In response to the above-mentioned challenges, this paper proposes a model named TransETA to predict vehicle travel time, in which GCN is used in the input feature transformation module to extract road flow features, which are the most important features that influence the vehicle travel time in traffic networks. First, the trajectory data is mapped to the road network through the map-matching method. Then, the number of statistical trajectory points is used as a proxy for the current road flow state. We introduce the proxy to solve the problem that the previous method could not accurately input the road flow characteristics; ETATransformer module uses the transformer-based model to perform feature extraction on dynamic trajectory data to solve the problem of information loss in the hidden layer training process, which can effectively learn the spatial and temporal relationship of data in the sequence through strategies such as multi-head attention. In addition, the feature extractions are handled separately for static data and driving data for a better performance. Deep forest module is selected to learn the features of static traffic data in urban traffic networks, due to its advantage of dealing data from different domains and robustness for hyper-parameter settings.
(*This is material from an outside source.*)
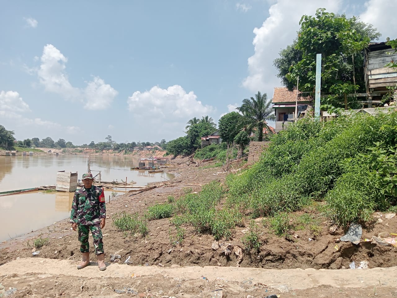 Babinsa Koramil 406-02/Rawas Ilir, Serka Nur Khollis, melaksanakan kegiatan pemantauan arus air Sungai Rawas sebagai bagian dari upaya kesiapsiagaan dan pengendalian bencana (Gulbencal) di Kecamatan Rawas Ilir, Kabupaten Musi Rawas Utara (Muratara).

Through the joint improvement of data feature extraction and model structure, TransETA outperforms state-of-the-art solutions for travel time estimation on the trajectory datasets.

The main contributions are summarized as follows:

1.
To our best knowledge, our proposed method is the first time modeling the local congestion with the vehicular flow on target road segments and its neighbors. To that end, we design a GCN module to extract the representation of local congestion, which plays an important role during the model training process.
2.
As far as we know, this is the first time that a transformer-based structure is used in the travel time prediction problem, and the relationship between trajectory data is learned through some strategies, such as position coding and multi-head attention.

The rest of this paper is organized as follows. Section 2 introduces the related research work of ETA. Section 3 introduces the proposed TransETA model in details. Section 4 introduces the experimental details. Finally, we conclude this paper in Section 5.

2 Related work

There are many related work for ETA problems, and we will review the previous work on ETA, as well as some work on relevant methodologies.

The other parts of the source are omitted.